**WHAT YOU ARE ASKED TO DO:** Copy, pictures aside: the lines below from the one that holds "周二,由于美国2月CPI数据" through the final line of the listing, both ends included, exactly as they are and nothing else.

**SUPPLIED DATA:**
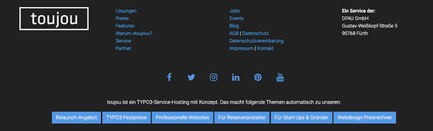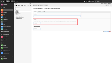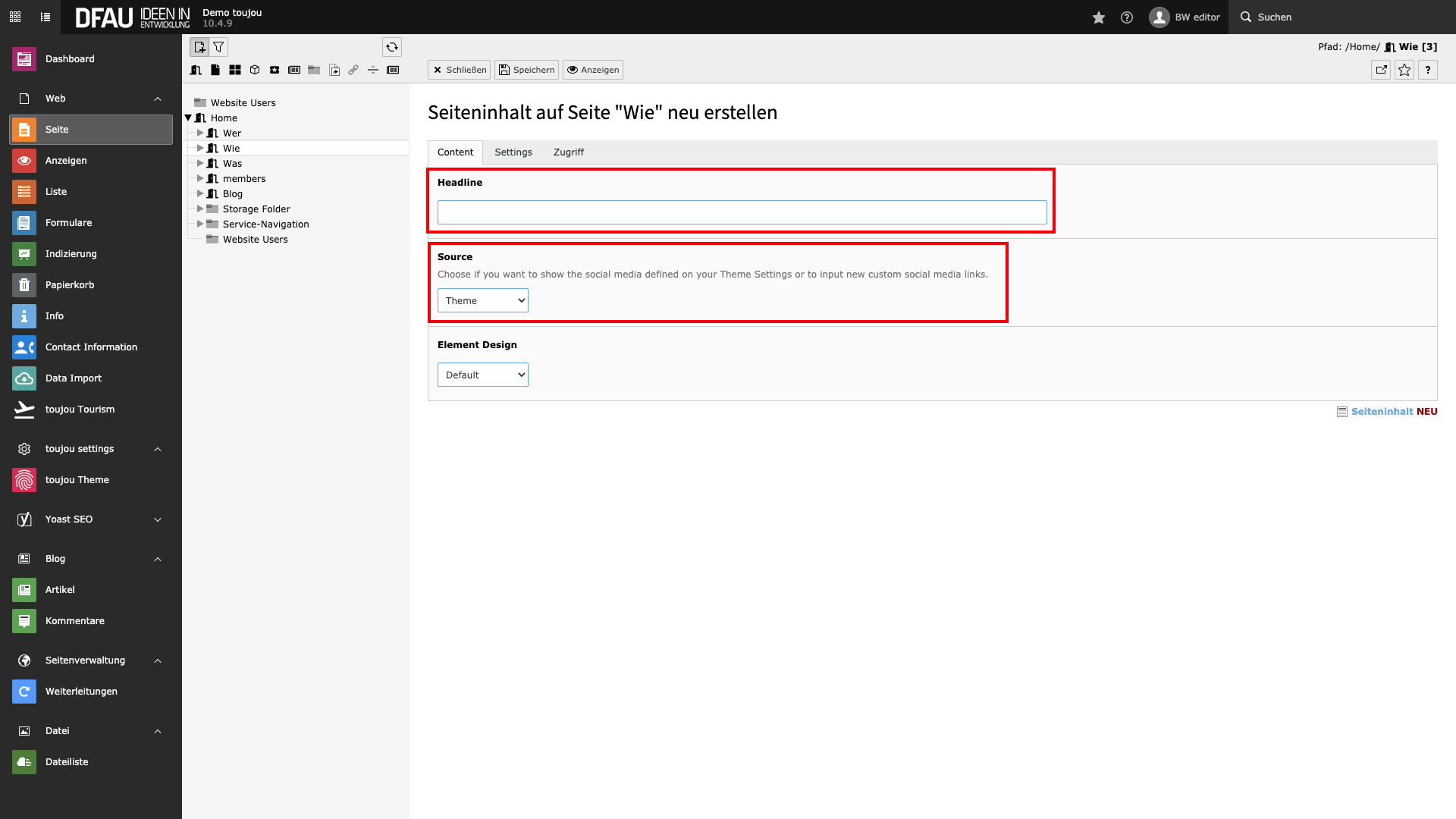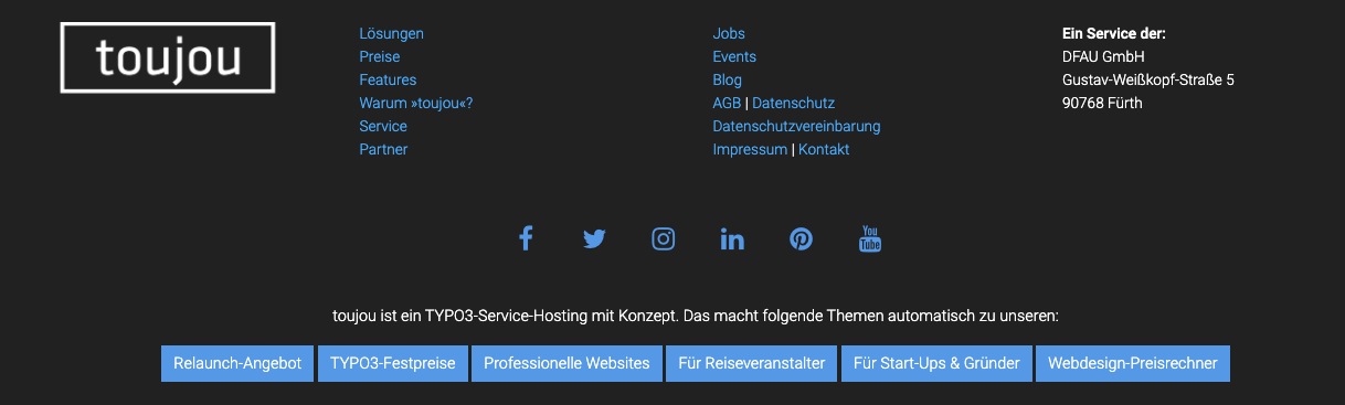 Ganz gleich, ob Sie die Social Media Bar im Contentbereich einer Seite oder im Footer verorten möchten: In beiden Fällen müssen Sie ein neues Inhaltselement erstellen. Bevor die Social Media Bar zur Entfaltung kommt, sollten die Verlinkungen auf Ihre entsprechenden Profile vorhanden sein. Einstellbar sind diese in der Modulleiste unter »toujou Theme« im Reiter Social Media.
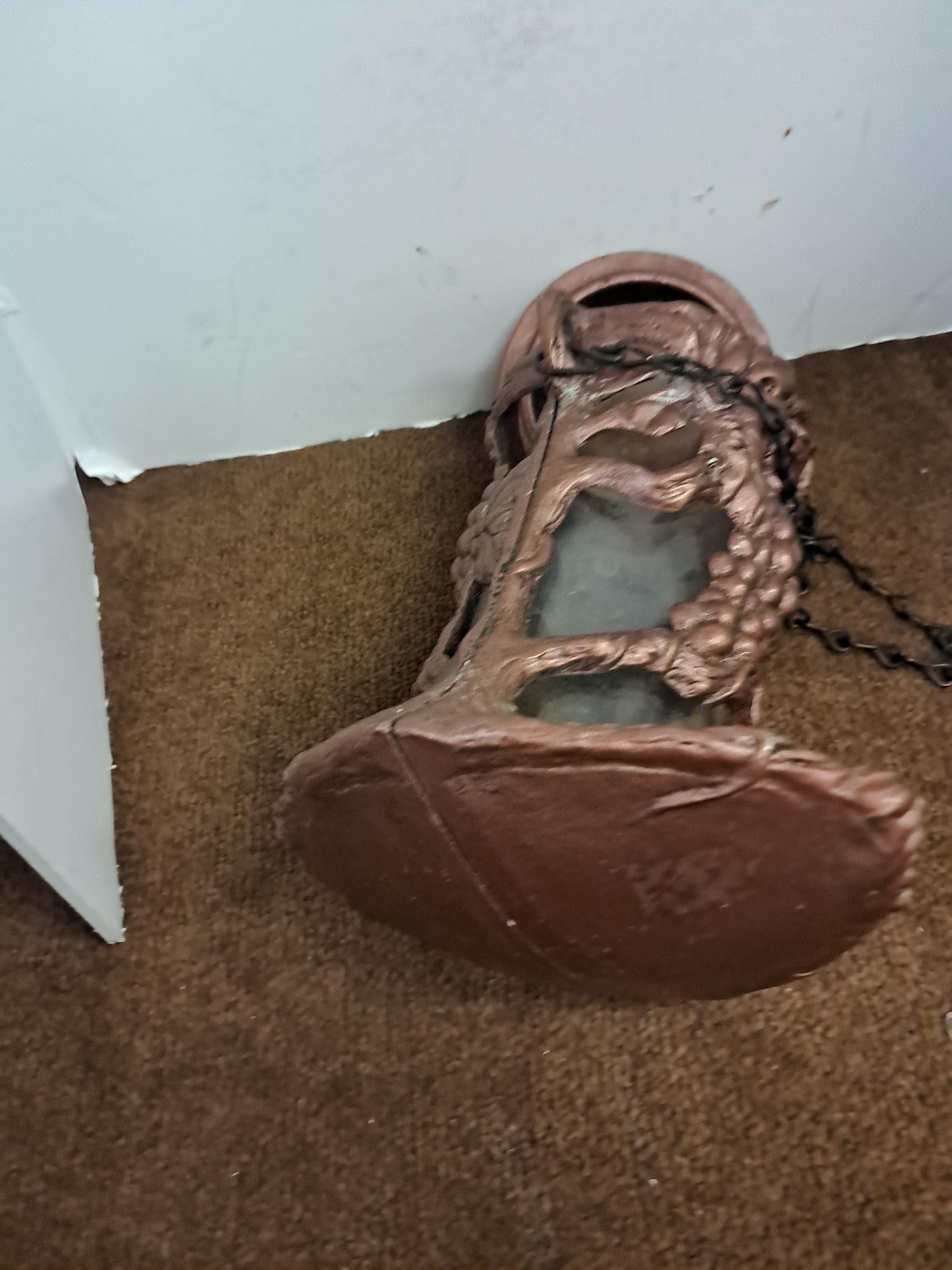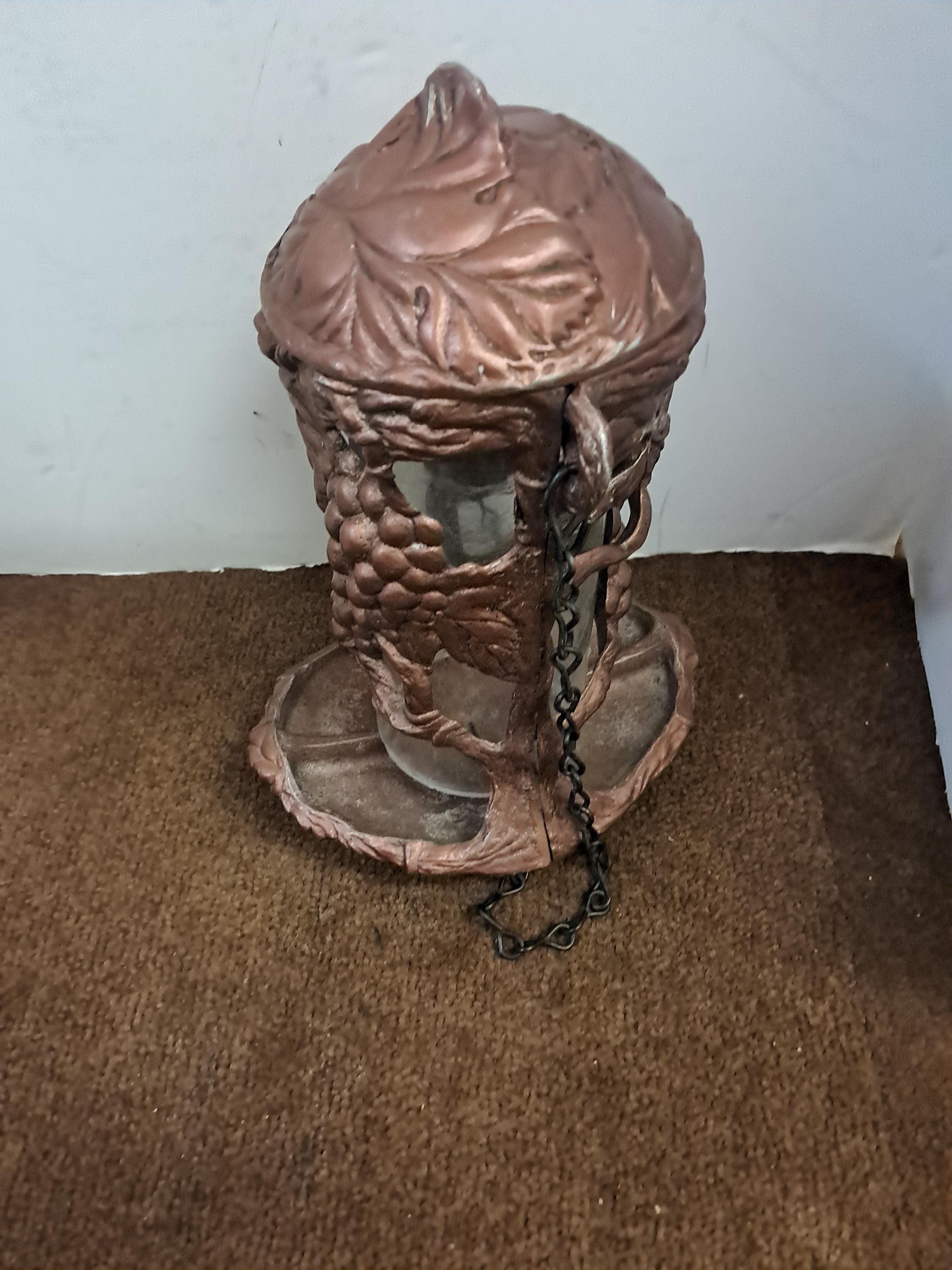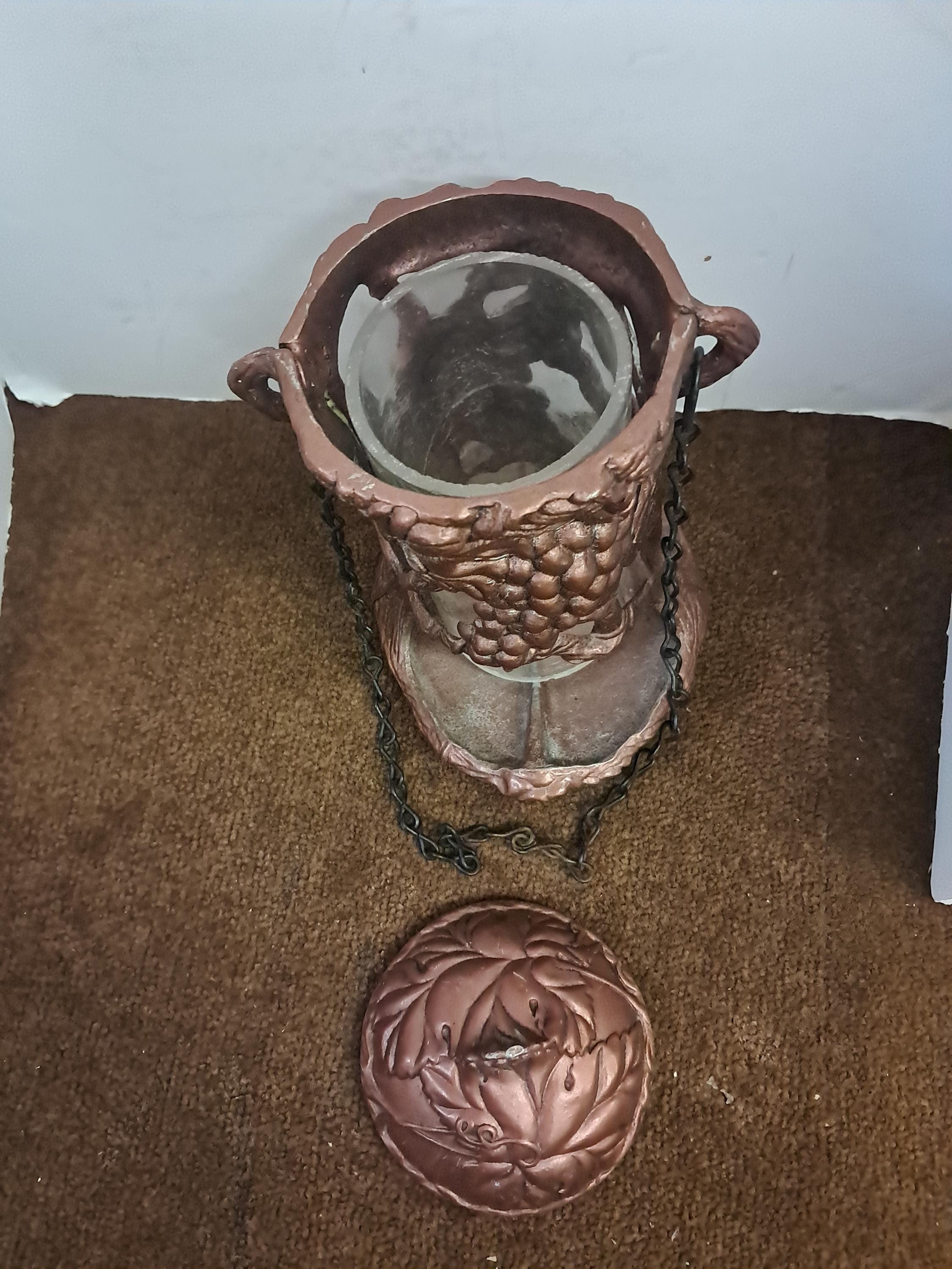 Handmade Vintage Bronze Hanging Candle HolderCan be used as Incense burner too.. Made of Bronze , Grape and leaves designMetal 8 " chain attached for hanging Good vintage condition
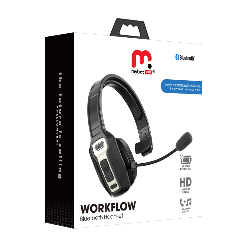 MyBat Pro WorkFlow Wireless Headset with Noise Cancelling Microphone - Black
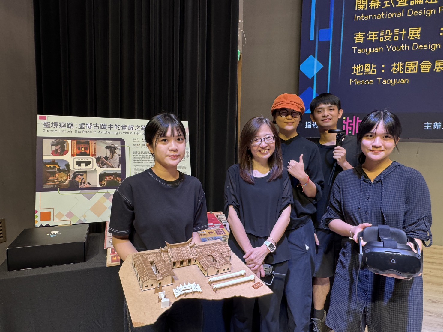 (大二學生宋詩媛與宋詩雅設計作品以桃園大溪齋明寺為原型,融合文化古蹟,展現沉浸式創作成果/照片由本報訊提供)
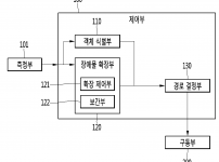 본 발명에 따르는 비행체를 위한 경로결정시스템에는, 측정된 장애물의 후방에 있는 참조점에서 전방으로 직선의 가상선분을 일정비율로 연장하고, 상기 가상선분의 끝점을 확장 장애물의 위치정보로 제공하는 확장 제어부가 포함되고, 상기 일정비율은, 상기 가상선분의, 상기 참조점으로부터 상기 장애물의 적어도 하나의 지점까지의 거리에 대하여, 상기 참조점으로부터 상기 확장장애물까지의 적어도 하나의 지점까지의 거리에 대한 일정비율이고, 상기 일정비율은 1을 …
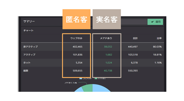 「SATORI」には、自社で活用しながら組織を大きくしてきたノウハウがたくさん詰まっているという。他のMAツールと違う強みは、実名客だけでなく匿名客もデータベース化できる点だ。
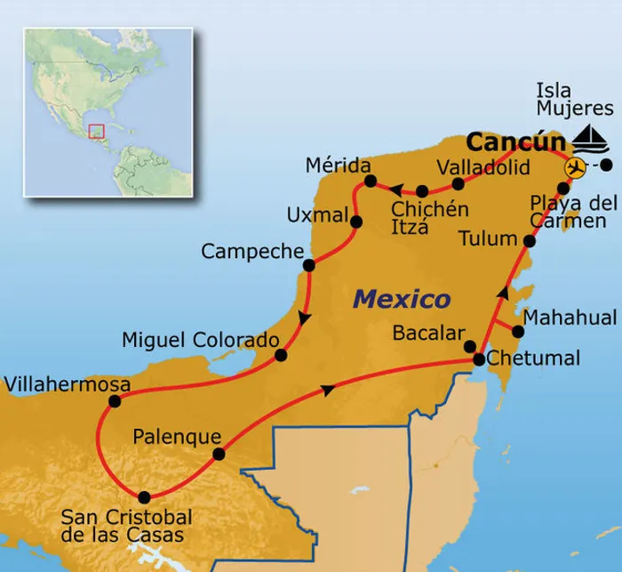 Tijdens deze avontuurlijke rondreis door Mexico bezoek je allerlei prachtige ruïnes, ontdek je de azuurblauwe zeeën en wandel je door de ongerepte groene jungle. Ook bezoek je oude dorpjes waar afstammelingen van de Mayas wonen met sfeervolle pleinen en gezellige eetkraampjes. In Bacalar, Mahahual én op het tropische eilandje Isla Mujeres kun je tenslotte heerlijk ontspannen terwijl je op het strand ligt. Een bijzondere reis door het voormalige rijk van de Maya's die zowel fascinerend als afwisselend is.
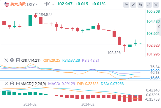 周二,由于美国2月CPI数据高于预期,美元指数于美盘大幅拉升,最高突破103关口,最终收涨0.082%,报102.93。截至目前,美元报价102.947。
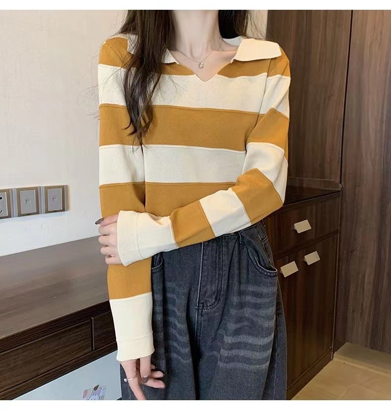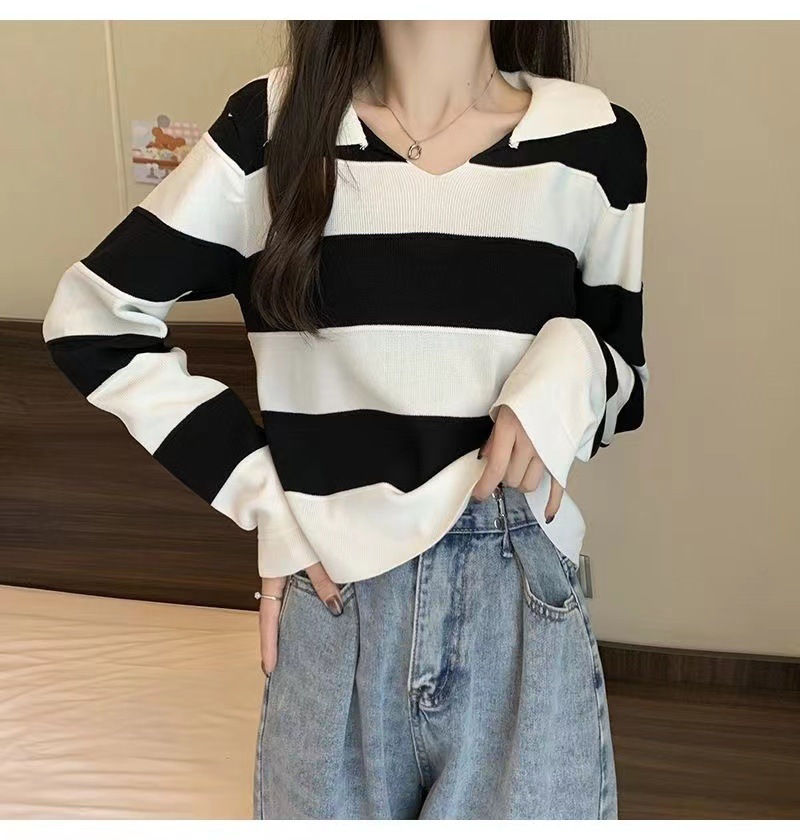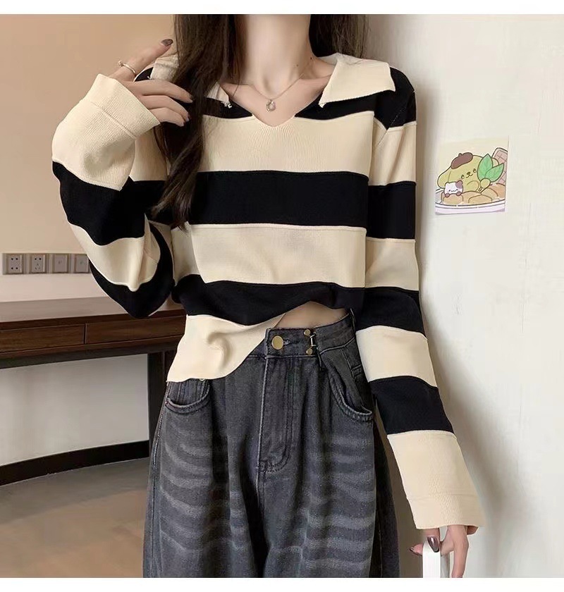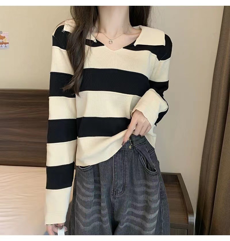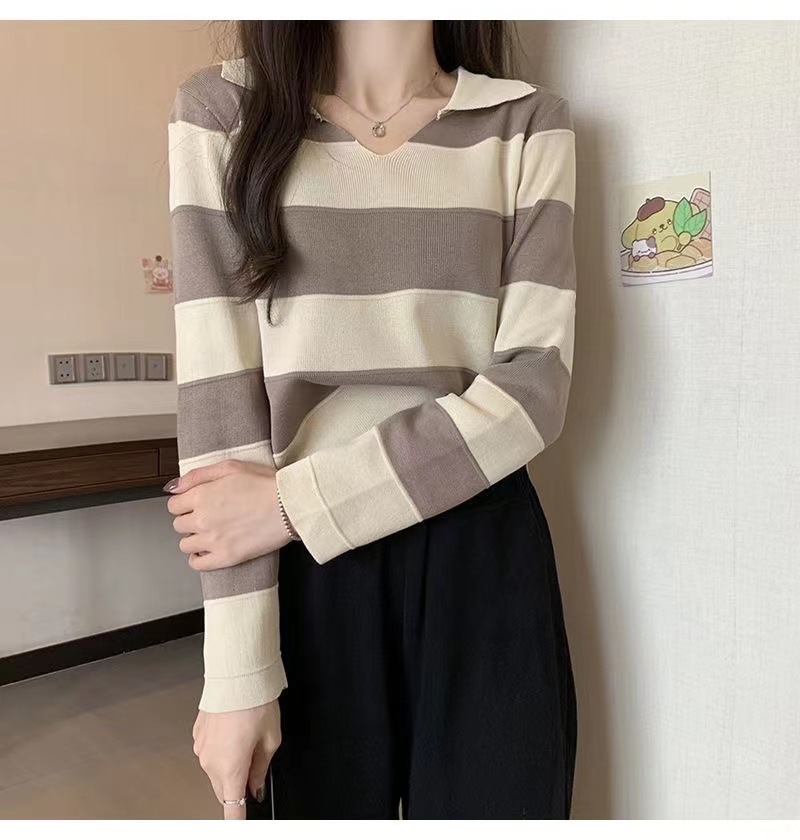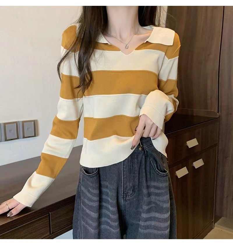 2025 가을과 겨울 국경 작은 최고 여성 달콤한 스타일 옷깃 줄무늬 스웨터 느슨한 긴팔베이스 셔츠스토어 가기
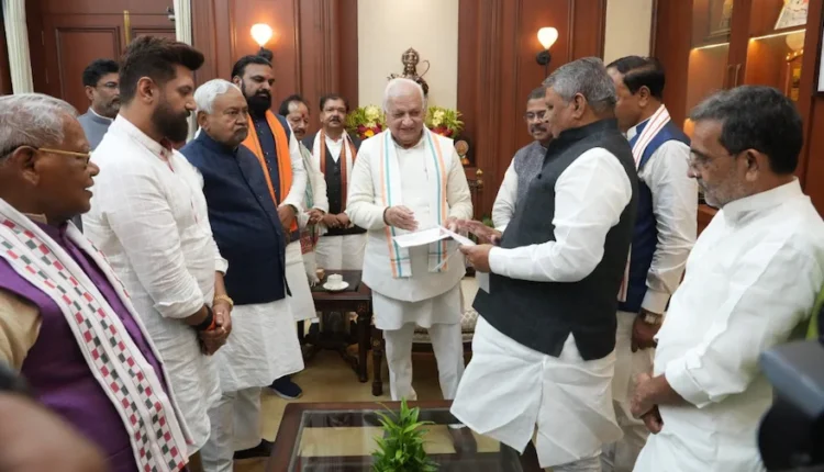 एनडीएच्या विधिमंडळ पक्षाच्या नेतेपदी निवड झाल्यानंतर नितीश कुमार यांनी सर्वप्रथम राजभवन गाठून राज्यपाल आरिफ मोहम्मद खान यांच्याकडे राजीनामा सुपूर्द केला. त्यानंतर त्यांनी नवे सरकार स्थापन करण्याचा दावा केला. नितीश कुमार यांच्यासोबत उपमुख्यमंत्री सम्राट चौधरी, विजय सिन्हा आणि चिराग पासवान यांच्यासह एनडीएचे अनेक बडे नेते उपस्थित होते. भाजपचे अध्यक्ष दिलीप जसवाल यांनी सांगितले की, मंत्रिमंडळ स्थापनेचा निर्णय मुख्यमंत्री नितीश कुमारच घेतील. पंतप्रधान नरेंद्र मोदींसह एनडीएचे अनेक बडे नेते गुरुवारी मुख्यमंत्री नितीश कुमार यांच्या शपथविधी कार्यक्रमाला उपस्थित राहणार आहेत.

**OUTPUT FOR THIS EXERCISE:**
 周二,由于美国2月CPI数据高于预期,美元指数于美盘大幅拉升,最高突破103关口,最终收涨0.082%,报102.93。截至目前,美元报价102.947。
 2025 가을과 겨울 국경 작은 최고 여성 달콤한 스타일 옷깃 줄무늬 스웨터 느슨한 긴팔베이스 셔츠스토어 가기
 एनडीएच्या विधिमंडळ पक्षाच्या नेतेपदी निवड झाल्यानंतर नितीश कुमार यांनी सर्वप्रथम राजभवन गाठून राज्यपाल आरिफ मोहम्मद खान यांच्याकडे राजीनामा सुपूर्द केला. त्यानंतर त्यांनी नवे सरकार स्थापन करण्याचा दावा केला. नितीश कुमार यांच्यासोबत उपमुख्यमंत्री सम्राट चौधरी, विजय सिन्हा आणि चिराग पासवान यांच्यासह एनडीएचे अनेक बडे नेते उपस्थित होते. भाजपचे अध्यक्ष दिलीप जसवाल यांनी सांगितले की, मंत्रिमंडळ स्थापनेचा निर्णय मुख्यमंत्री नितीश कुमारच घेतील. पंतप्रधान नरेंद्र मोदींसह एनडीएचे अनेक बडे नेते गुरुवारी मुख्यमंत्री नितीश कुमार यांच्या शपथविधी कार्यक्रमाला उपस्थित राहणार आहेत.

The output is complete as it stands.